How The Right's "Dark Money ATM" Spent $1 Million On Stossel Educational Materials

{personally I think this crosses the line against promoting a specific reigion in public schools}


Two foundations that have been described as "the dark money ATM of the right" have spent more than $1 million combined funding a non-profit organization whose primary function is distributing libertarian education materials featuring Fox Business host John Stossel.

Donors Trust and Donors Capital Fund, the affiliated funding groups, were until recently obscure entities. But over the past month a series of reports have detailed how those organizations have paid out more than $400 million to over 1,000 conservative groups since their 1999 founding. Those reports have described how the two organizations have allowed wealthy individuals to discreetly underwrite trending conservative causes like climate change denial.

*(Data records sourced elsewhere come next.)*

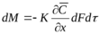 Количество вещества, переместившегося в твёрдой фазе за счёт массопроводности, пропорционально градиенту концентрации, площади, перпендикулярной направлению потока вещества, и времени, то есть:
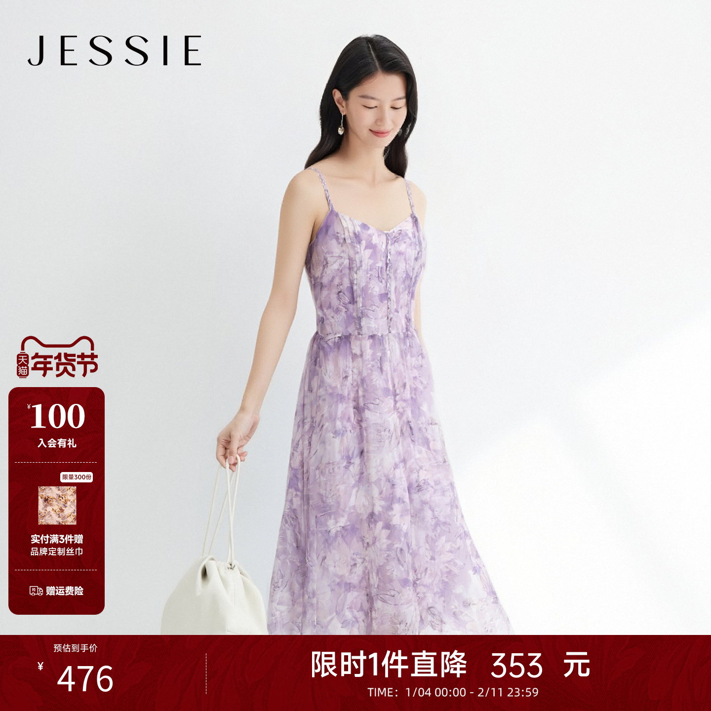 💃【凝紫花影】JESSIE2025年春夏新款气质优雅雪纺印花吊带连衣裙,好物入手记🛍
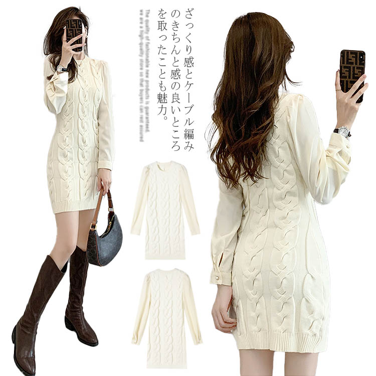ニットワンピース 秋冬 ロング 30代 40代 大人 長袖 レディース きれいめ シンプル ケーブルニットワンピース ケーブル編み ワンピース ワンピ チュニック
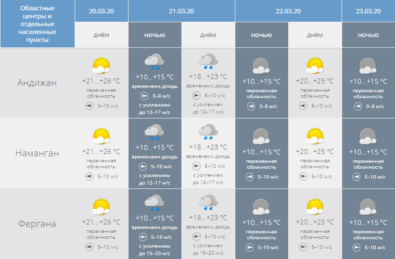 В Андижанской, Наманганской и Ферганской областях ожидается переменная облачность, местами дождь. Температура ночью +10…+15 градусов, днем +18…+23 градуса.
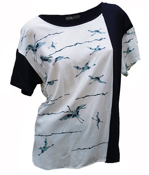 Striking bird print top in a combination of cotton knit with woven viscose panels and sleeve. A rounded scopp neck with a slight drop shoulder for an easy flattering fit.

The groups have also been the primary funders behind an effort to flood American classrooms with packaged libertarian lessons branded with John Stossel's mustachioed face. In 2011, Donors Trust gave $540,000 to the Philadelphia-based Center for Independent Thought (CIT), with the funds earmarked for the distribution of "Stossel in the Classroom" teaching materials, according to IRS filings obtained by Mother Jones.

According to CIT's website, its mission is to "bring the ideas of liberty to freedom-loving people around the globe." They do so primarily through the distribution of free "Stossel in the Classroom" videos, DVDs and discussion guides, which the program claims are currently used by more than 150,000 teachers in middle school, high school, and college classrooms around the country.